Some limitations of the study design should be noted. Imputation of days of supply is a valid approach commonly used for claims-based persistence analysis [15, 21, 41]; however, it may occasionally lead to misclassification of treatment discontinuation. For instance, a filled prescription observed in the claims data does not necessarily ensure that the treatment was taken as prescribed. Additionally, treatment effectiveness and reasons for discontinuation (e.g., lack of effectiveness, adverse effects, inconvenient dosing, worsening of related conditions) could not be assessed using claims data. While patients could initiate other treatments following the index date, combination therapy (if any) was not considered in the persistence analysis. Patients with exposure to TNFi prior to initiating guselkumab were not included in this study. Moreover, SC TNFi were evaluated collectively rather than individually, consistent with how these therapies are addressed in current treatment guidelines [4].
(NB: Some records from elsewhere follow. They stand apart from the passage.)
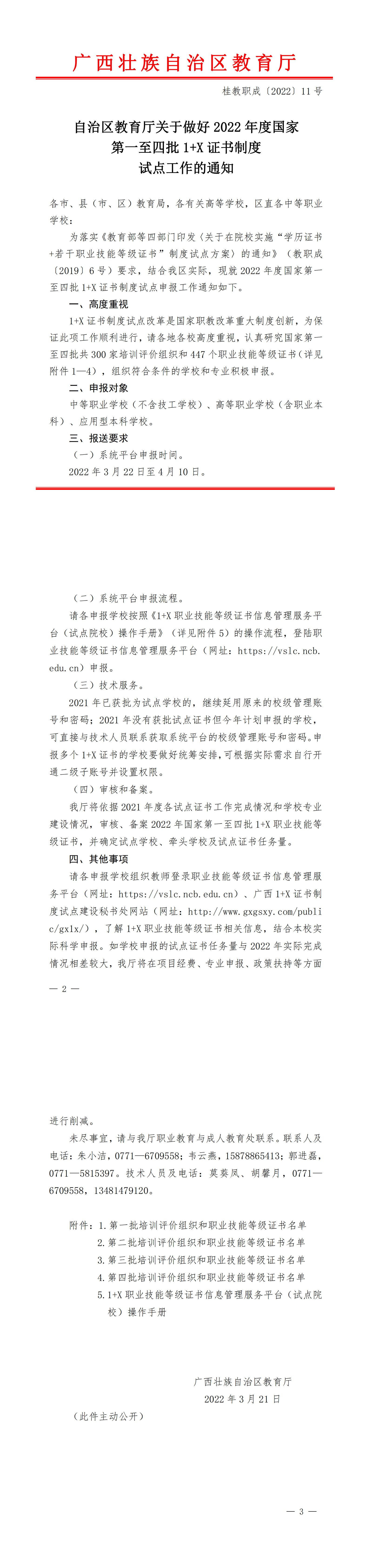 【通知】广西壮族自治区教育厅关于做好 2022 年度国家 第一至四批 1+X 证书制度 试点工作的通知
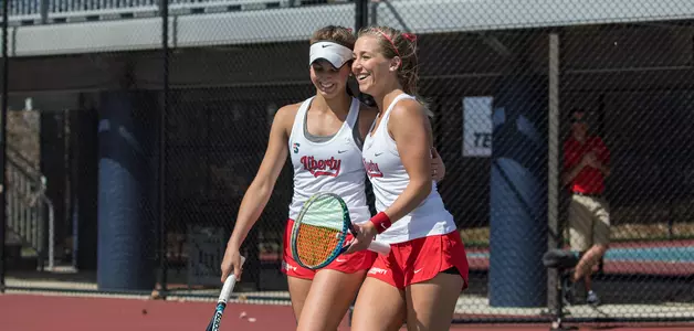 Liberty captured the doubles point for a sixth straight match, this time by winning two different tiebreakers (courts one and three). The Dukes appeared to be in good position following Anna Makarova and Emma Petersen's 6-2 win over the Lady Flames' Maria Medina and Lara Soares in the No. 2 doubles matchup.
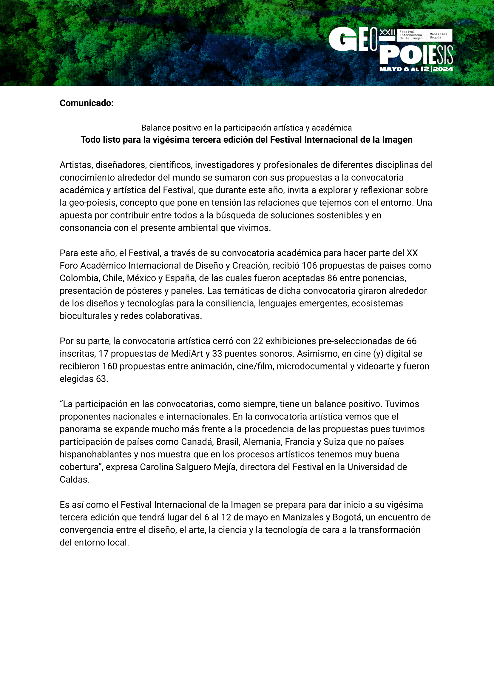 XXI International Image Festival – SURtropías Manizales-Bogotá Colombia October 17 to 21, 2022 The Curatorial and Academic Committee of the International Image Festival 2022, is allowed to inform the selection of the proposals to participate in the following categories: Academic Call XVIII International Academic Forum. Artistic Call. interactions. IX Design, electronic art and technology market. Thanks to the outstanding participation of researchers, teachers, students, artists and professionals in the areas of design, art, science and technology, we will have the opportunity to meet to discuss from the idea of Surtropía, emerging concepts that, beyond the geopolitical borders, allow exploration to be directed towards alternative forms of critical and propositional analysis of various realities, in order to thus contribute to the social appropriation of knowledge and continue to be an academic reference in Colombia and Latin America. 1. Pre-selected Academic Call XVIII International Academic Forum The participants […]
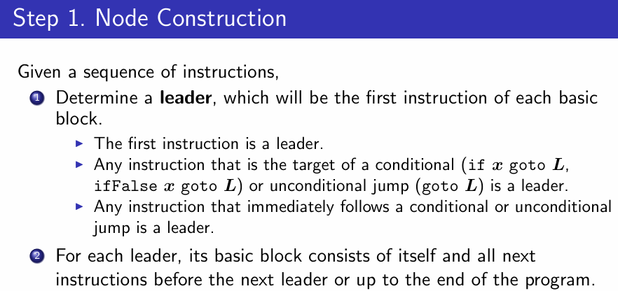 - leader부터 시작해 다음 leader 전까지 모든 명령어를 basic block으로 포함. 프로그램 끝에 도달할 때까지 반복.
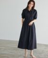 パフスリーブとフレアシルエットがフェミニンなワンピース。ウエスト切り替えにすることで、メリハリのある女性らしいシルエットに仕上げました。衿付きできちんと感を演出し、ON/OFF着回せる一枚です。
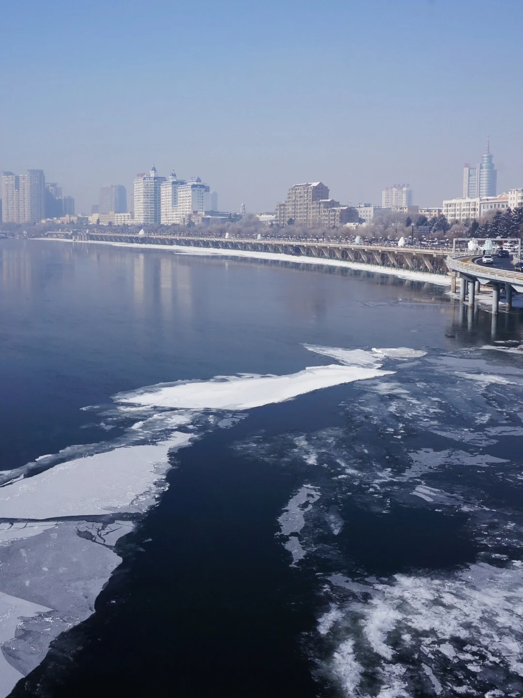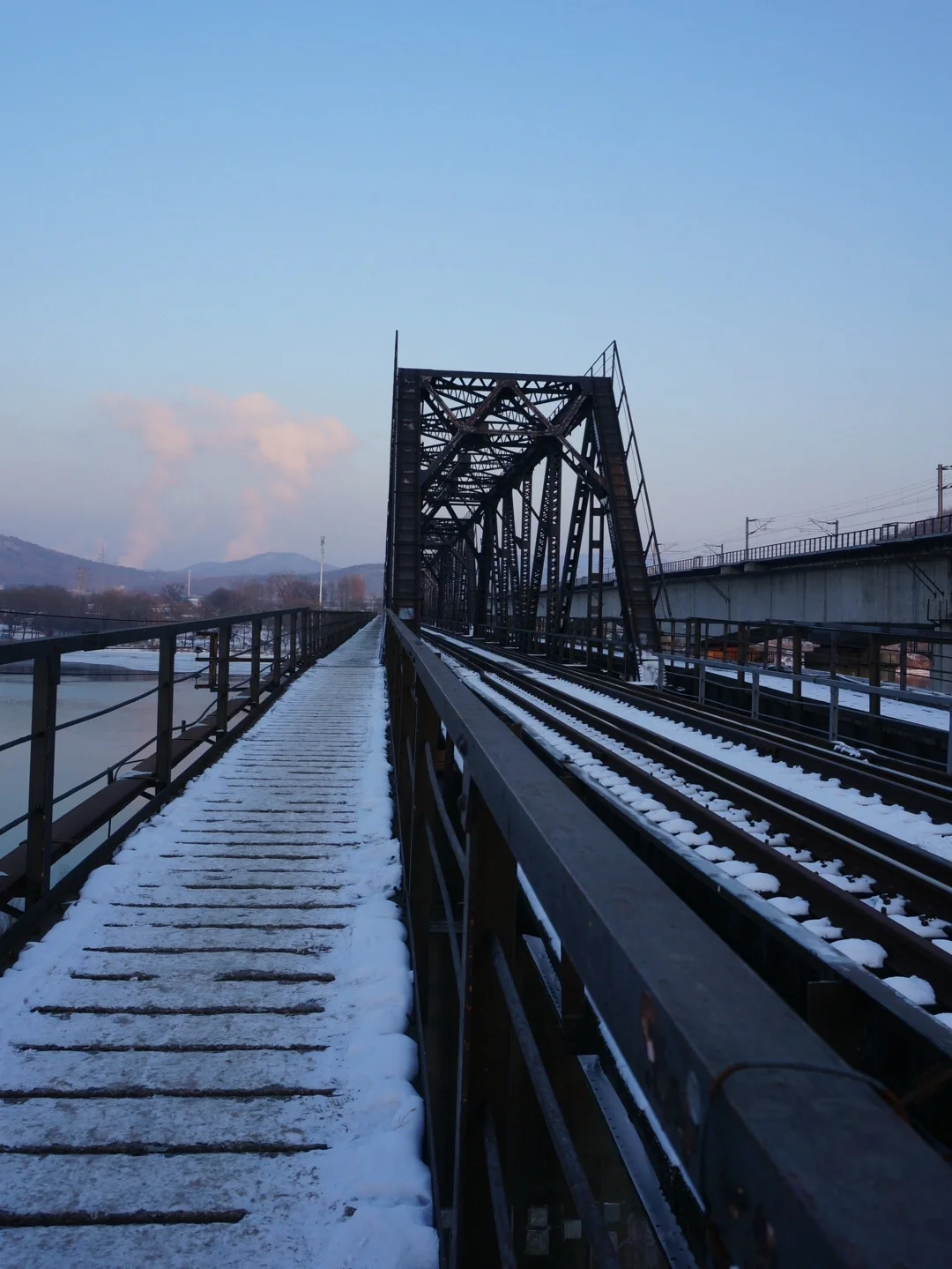 2⃣松花江铁路桥:定位松铁秀苑(东门),积雪的铁桥和江面很出片!恐高慎入👀
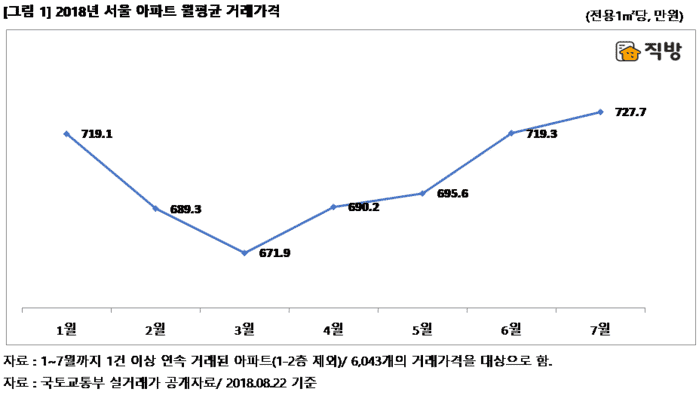 [세계타임즈 심귀영 기자]부동산정보서비스 ㈜직방(대표 안성우)이 국토교통부 아파트 매매 실거래가를 분석한 결과, 양도소득세 중과를 앞두고 3월 낮아졌던 거래가격이 회복하면서 넉 달 새 서울 아파트값은 8.3% 상승한 것으로 나타났다.
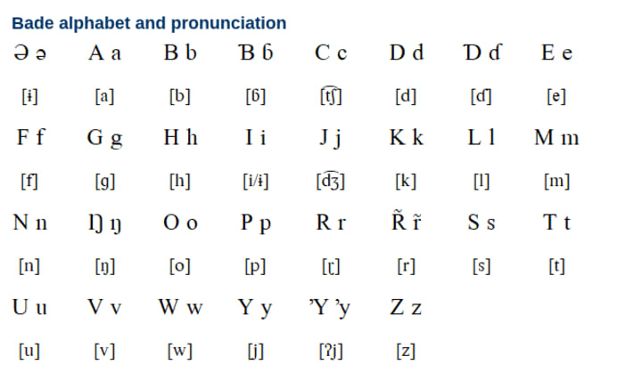 Spoken by approximately 350,000 people, Bade is a West Chadic language native to Nigeria. Bade is taught in schools and and used in literature; however, because it is rapidly being replaced by the dominant language of Hausa, Bade is greatly endangered and at risk of extinction.
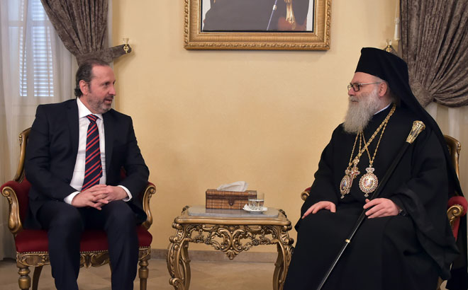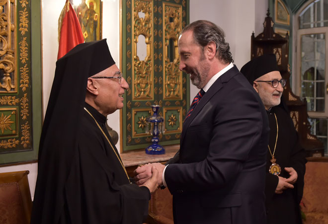 Le ministre Azzam a également visité le patriarcat des grecs catholiques et présenté au patriarche Youssef Absi, patriarche d’Antioche et de tout l’Orient pour les grecs-catholiques melkites les félicitations du président al-Assad à cette occasion.
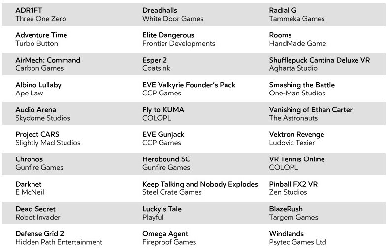 A héten jelentette be a Sony a saját VR headset-et, és mellé 50 játékot, ami megkapja a támogatást virtuális valósághoz. Az Oculus már bemutatta a Rift-et, most azonban adott egy pontos dátumot a várakozóknak a játékokkal kapcsolatban. 30 Rift-el párosítható szórakoztató program startol március 28-án. Az alábbi képen a teljes lista a támogatott játékokról.
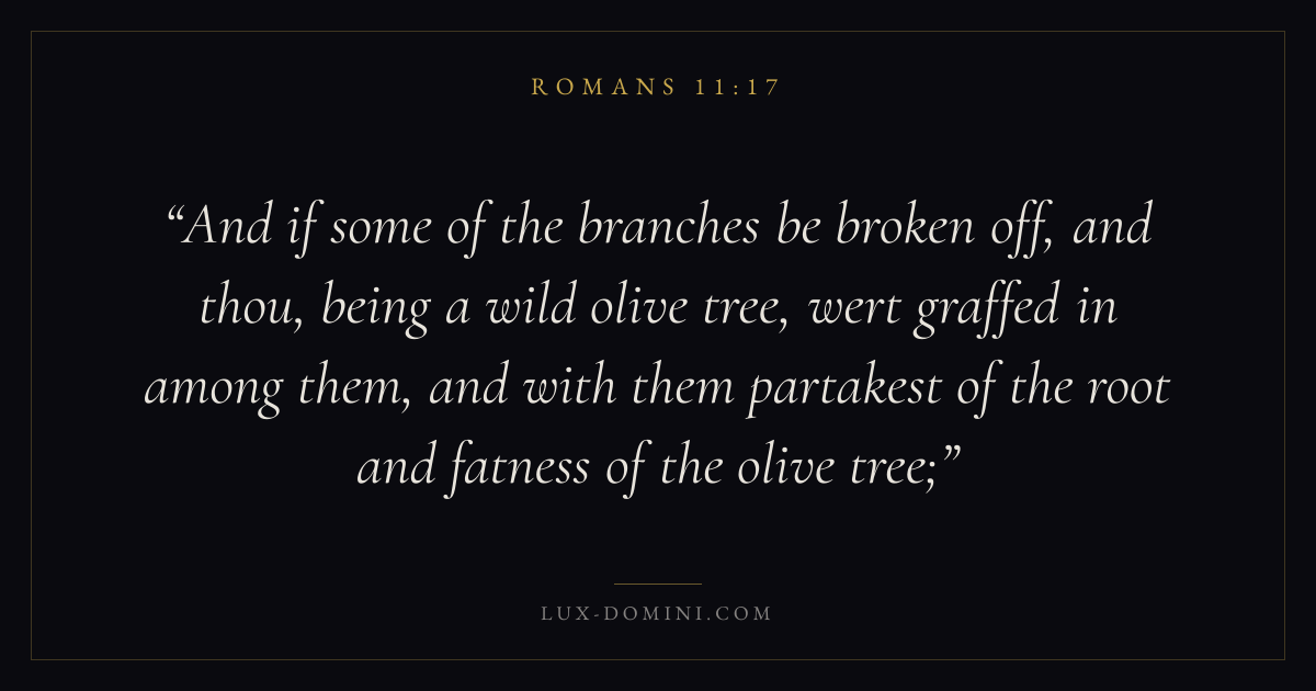 And if some of the branches be broken off, and thou, being a wild olive tree, wert graffed in among them, and with them partakest of the root and fatness of the olive tree;
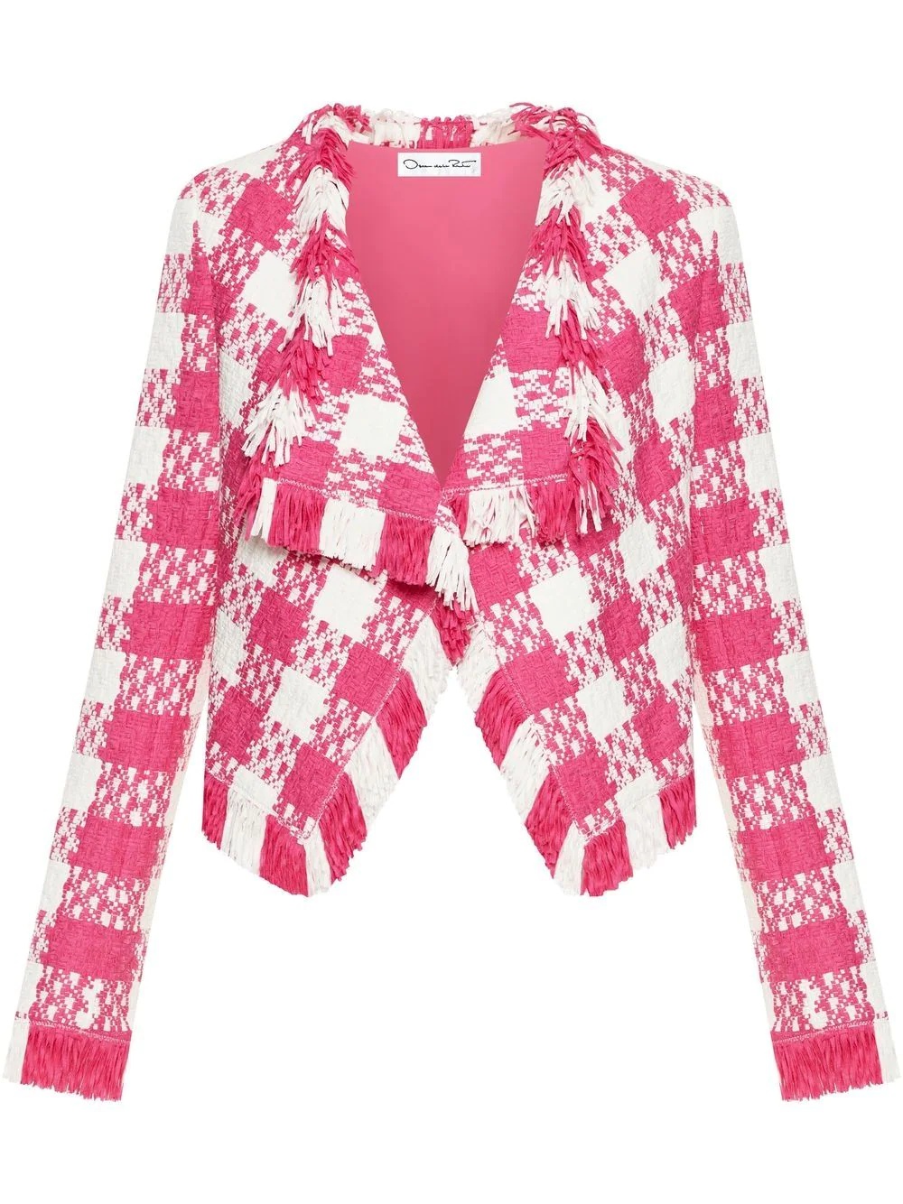 check-print woven open-front jacket Highlights - Pink/white - Cotton-wool blend - Check pattern - Fringed edge - Open front - Long sleeves Made in Italy Composition Cotton 65%, Polyamide 29%, Virgin Wool 6%
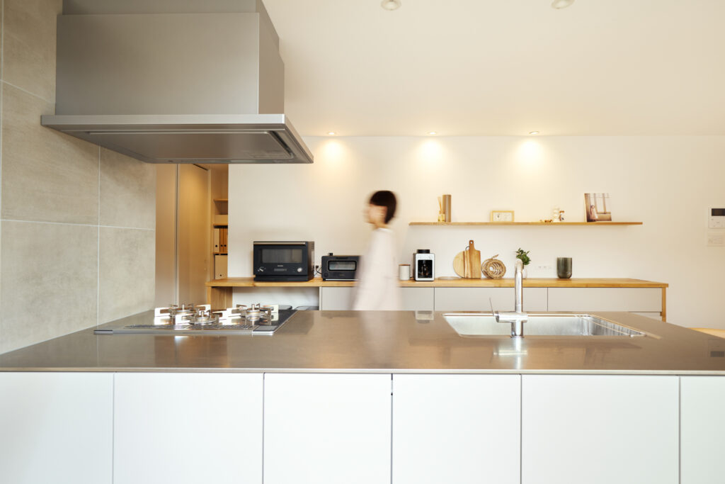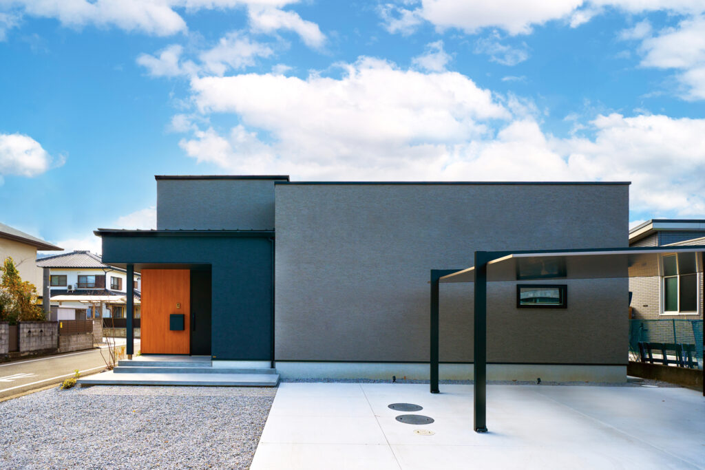 元インテリアコーディネーターの奥さまのセンスが随所に息づく平屋の住まい。グレーを基調に木のぬくもりを丁寧に重ねた空間は、落ち着きと洗練が心地よく調和しています。「ナチュラルでありながらスタイリッシュに」というコンセプトが、外観から邸内の細部にまで一貫して貫かれています。

While the two cohorts were balanced using overlap propensity score weighting, variables that were underreported or not available in the database, such as psoriasis severity, disease activity, domain involvement, and clinical manifestations, may have led to residual confounding. As there was only limited information on provider specialty available in the database, this was not included in the analysis. Some baseline characteristics remained imbalanced after weighting (e.g., use of bDMARDs and csDMARDs); however, their inclusion as covariates in the weighted persistence analysis minimized any confounding effects. Additionally, although speculative, the exclusion criterion of a prior diagnosis code for ankylosing spondylitis may have inadvertently prevented inclusion of some patients with PsA and axial disease in the analysis population. Conversely, patients with prior or active exposure to treatments indicated only for plaque psoriasis at the time of study conduct (e.g., tildrakizumab, brodalumab) were included in the analysis, and their effects on guselkumab or SC TNFi persistence are unknown. As with all claims-based studies, there may have been billing inaccuracies or omissions in coded procedures, diagnoses, and pharmacy claims, and the extent of these factors is unknown. Lastly, as this study included patients with commercial health plans, the results may not be generalizable to patients with no or other health insurance coverage, or patients outside of the USA.